Question all data you collect or are presented with.
First of all, make sure you are collecting the right data. If you don’t measure what matters, the data is garbage. I have written before on using the right metric.
Once you are sure that you have collected the right data, never trust your first analysis of the data. Whenever you see %, averages etc. question it even more.
Percentages are misleading – you need to know the sample size. Imagine if someone told you that 50% of the people who ate at a specific restaurant got food poisoning – 50% sounds scary right? What on deeper analysis, you find out that the data was collected by only talking to 2 people and it so happened that one out of this group did get food poisoning and 200 people on an average eat at that restaurant every week?. Is it scary anymore? No. Your whole perspective changes once you find out the sample size, and the confidence level of the sample size being representative of the population.

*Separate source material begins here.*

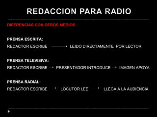 El documento proporciona recomendaciones para la redacción de noticias para la radio, incluyendo usar oraciones cortas y simples, evitar adverbios y abreviaturas, usar un lenguaje claro y concreto, y proporcionar contexto para lugares y personas desconocidos. También recomienda escribir en mayúsculas, usar números en letras, y revisar el texto en voz alta para asegurar una buena pronunciación y fluidez.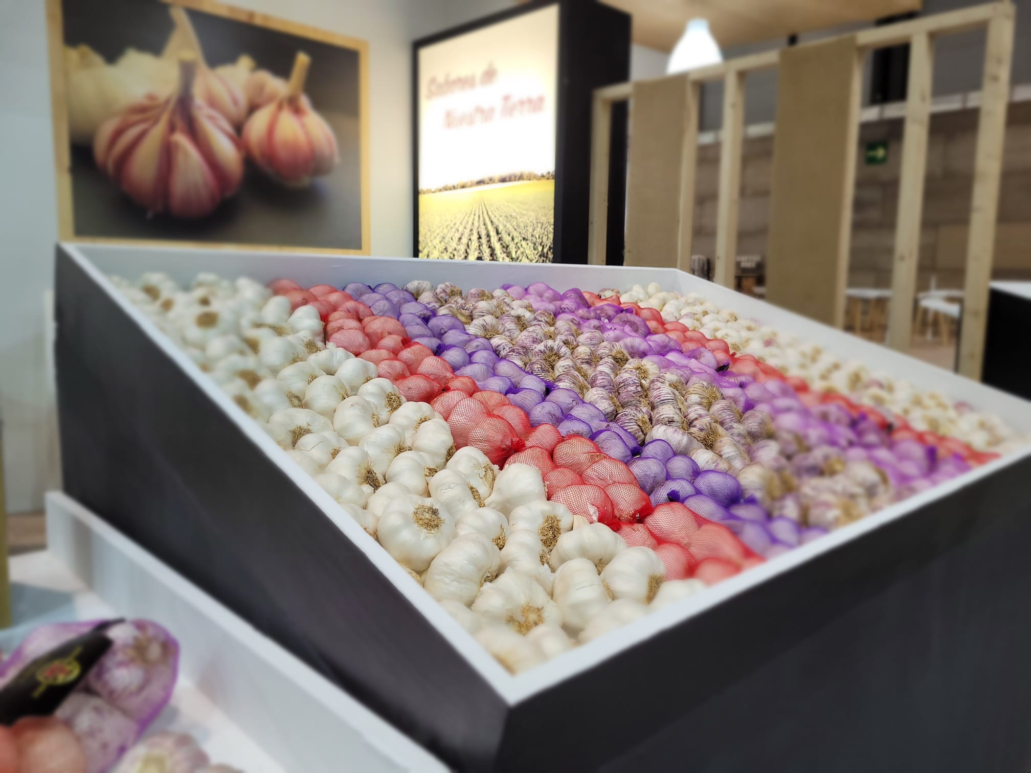 Esta diversidad de productos va ligada a la variedad de tipos de envasado. Nos adaptamos a lo que cada cliente nos pide. Por ejemplo: los presentamos en cabezas sueltas, en manojos o ristras y podemos envasarlos en bolsas de malla, sacos o cajas, entre otros, desde unos pocos gramos hasta kilos, nos adaptamos a cualquier petición del cliente.

Averages are the other ones to be suspicious of – a very few outliers can very quickly tilt the average up or down. Always double check it with medians to make sure outliers are not having undue influences. Let us look at the following example. Assume that you sold 30 different widgets and the selling prices were as given below.
4, 4, 4, 4, 4, 5, 5, 5, 5, 5, 5, 5, 5, 5, 5, 5, 5, 5, 5, 5, 6, 7, 8, 8, 30, 30, 36, 40, 50, 50
Average selling price = $12
Median (50th percentile) = $5
75% percentile = $7.75
The average selling price of $12 sounds like a good number. But if you look at the data closely, 50% of the items sold for $5 or less and 75% of the items sold for $7.75 or less. The six higher priced items are making the average look much higher. Now the outliers are not necessarily bad. Another way of looking at this is that just be selling 5 higher priced widgets, you were able to quickly double your average selling price. So your conclusion might be to focus on selling priced items as opposed to focusing on volume. But how long is the sales cycle for the higher priced items? What is the selling costs compared to selling a volume of lower priced items? Asking these questions of your data will help you draw the right conclusions from the same data.
One way to avoid this trap is to always triangulate – will you arrive at the same conclusions if you approach it another way? Try collecting the data from a different angle and see if you will arrive at the same conclusion.This will also remove from your analysis any biases associated with one data set.
Never trust your first analysis of your data.
Image: Courtesy of Neural Computing Research Group
2 thoughts on “Always question data – at least twice”
Figures don’t lie, but liars figure… 🙂
Or how ’bout: There’s Lies, Damns Lies, and then statistics…
You are right in saying data can be interpretted in various ways. Many a times, we “fit” the data as per our pre-conceived notion to prove our theory right.